Perhaps the process claim has limitations where the bits carry some meaning. This is different from the process by which the computer operates. Meaning is not part of machine structure and the symbols are abstraction different from the physical representations. Then the process is defined at a more abstract level, disjointed from machine structure. This is claiming mathematical language with associated meanings. The instruction cycle is a universal algorithm and the symbols are manipulated according to this algorithm. For example if the claim is of the form (a) some human gather data and input them, (b) the computer computes, (c) the computer produces an output for the human, then implementation is nothing more than the mathematical algorithm limited to a field of use.

One point is that machine patents and process patents are not interchangeable because there are processes which are not the process by which the machine executes. Another point is that in the above scenario the relationship between computer and utility is not causal. It is semantical. This means the process is an abstraction different from the process by which the machine executes.

But then there is another kind of process to consider. If the method includes something like the rubber curing step of the Diehr patent then in includes something more that the algorithm.

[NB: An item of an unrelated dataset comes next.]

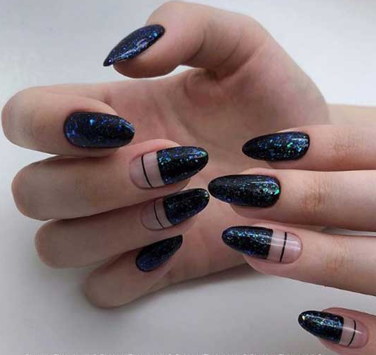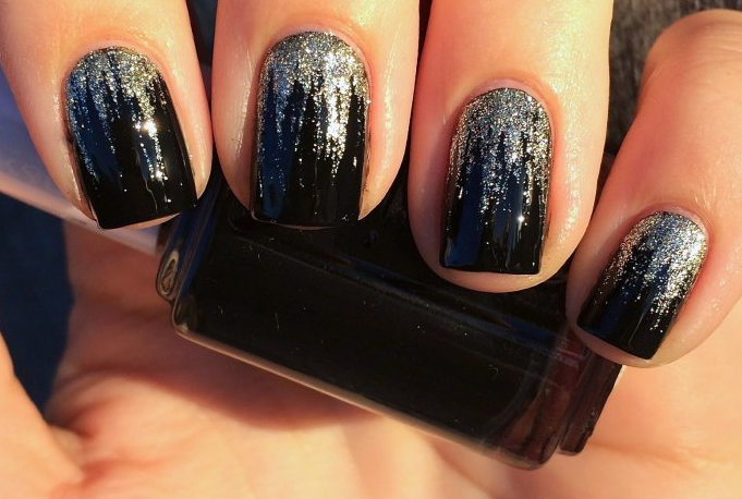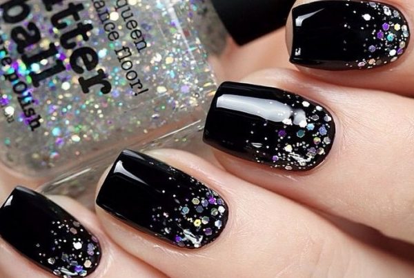 Блестки (лак или рассыпчатая пудра) — простой и недорогой способ придать блеска обыденному оформлению ногтей. Вариантов множество — от покрытия всех пластин до продольных полосок кисточкой или френча.

[ Reply to This | Parent | # ]

Wrong on EVERY COUNT, Mr. Risch.
Authored by: ThrPilgrim on Monday, June 11 2012 @ 07:29 PM EDT

I have written and published her e a computer program that, given sufficient time and memory, will produce as it's output every computer program ever in every computer programming language designed or yet to be designed throughout eternity. It will even produce it's self as one possible output

As a prof of concept I suggest you run it for a few hours and run the output through a brainf*ck interpreter

All will correctly compile and some may even do something useful

I am still waiting on someone to produce a machine that can create every physical object ever. And that's why software should not be Patented because all it is is counting and picking the number that does what you want when fed to the particular piece of computer hardware you are targeting

Of cause waiting for your particular number to appear as output may take you longer than you are prepared to wait so computer programmers have developed ways of seeding my program with a number which they hope will do the job and if it does not do so then doing computations on their seed number to produce a new seed for my program. This process we call debugging

---
Beware of him who would deny you access to information for in his heart he considers himself your master.